Die Banken sind bekanntlich der Spiegel der Volkswirtschaft. Und da sieht es konjunkturell nicht so rosig in Deutschland aus. Hinzu kommt der Krieg am Golf, der die Inflation weltweit treibt und das Retailgeschäft erschwert. CEO Christian Sewing ist unterdessen zuversichtlich. Die Risikovorsorge für mögliche Kreditausfälle, die im ersten Quartal noch erhöht wurde, soll im Gesamtjahr sogar zurückgefahren werden. Jüngst ließ das Geldhaus auf einer Kapitalmarktkonferenz aber durchblicken, dass die Risikovorsorge im zweiten Quartal noch über den Markterwartungen liegen könnte.

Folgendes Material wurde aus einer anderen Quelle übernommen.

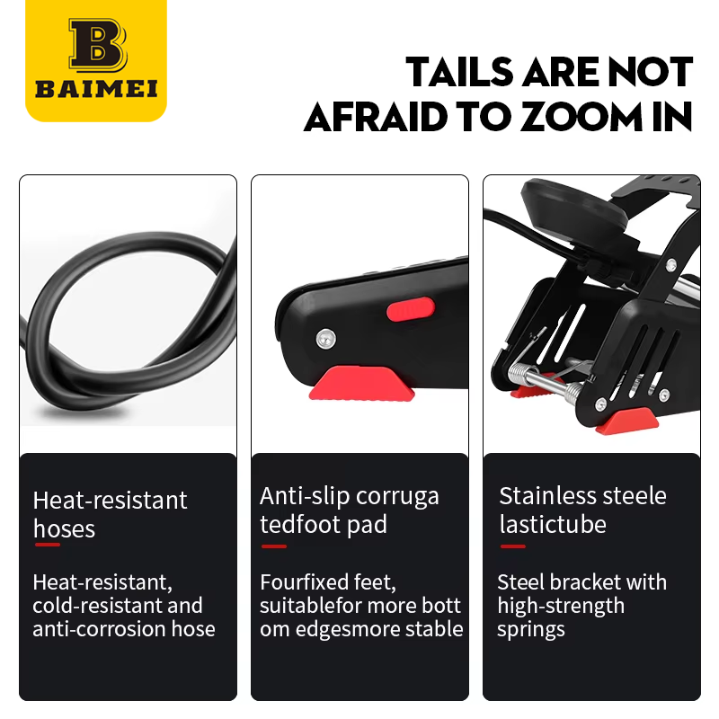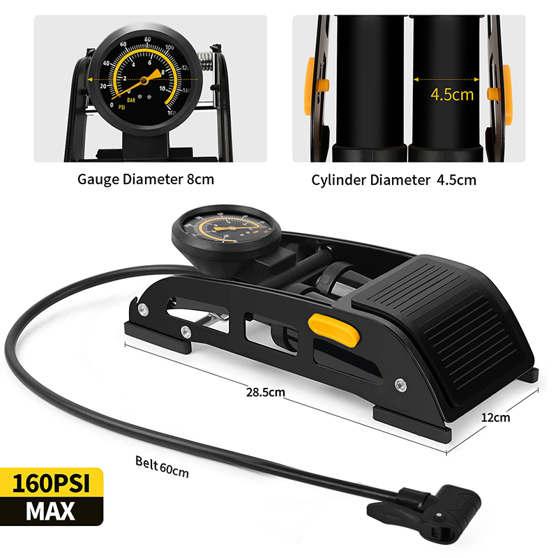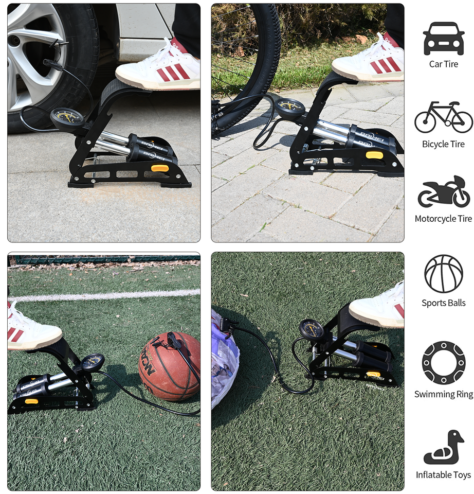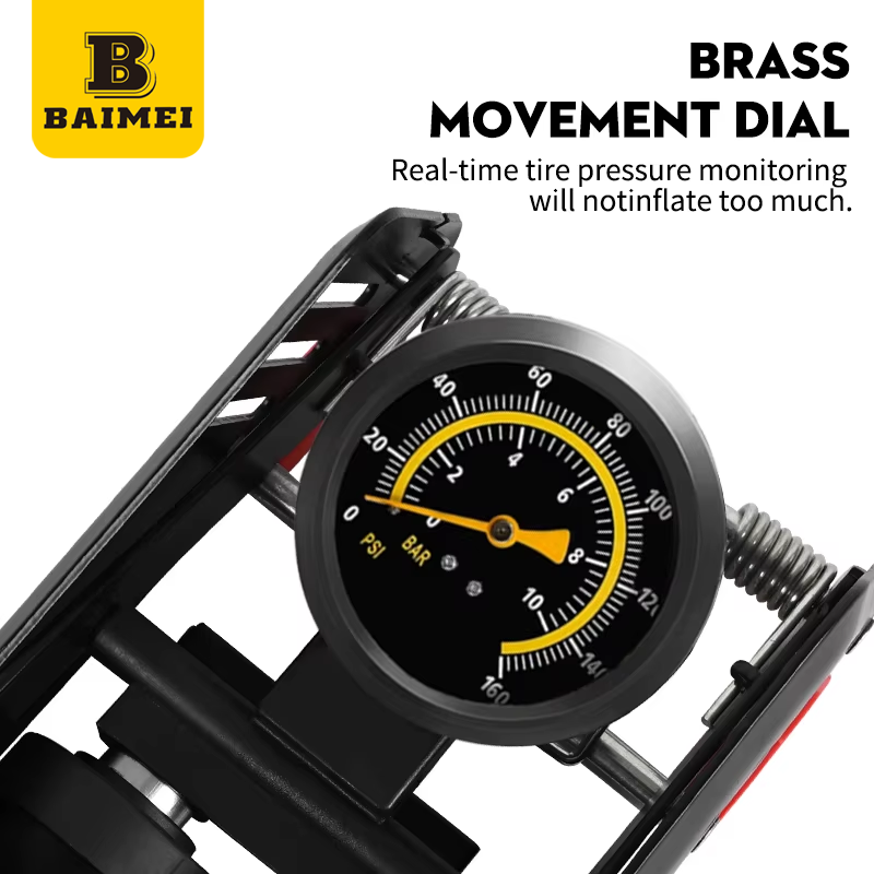 BAIMEI personnalisable Portable en acier double cylindre 160 PSI support de sol vélo pompe à pied pour vélos motos VTT jouets

Inwieweit das Geldhaus angesichts der heimischen Konjunktur und den Folgen des Kriegs am Golf die Gewinne steigern kann, werden die kommenden Quartale zeigen. Im wichtigen Investmentbanking jedoch stagnierten die Gesamterträge im Q1 und beim Vorsteuergewinn gab es sogar einen Rückgang. Kommt es zu einem Frieden am Golf und damit sukzessive zu einer Erholung der globalen Wirtschaft, dürften Finanztitel profitieren. Dann hat auch die Deutsche Bank als führendes Institut in Deutschland wieder Potenzial.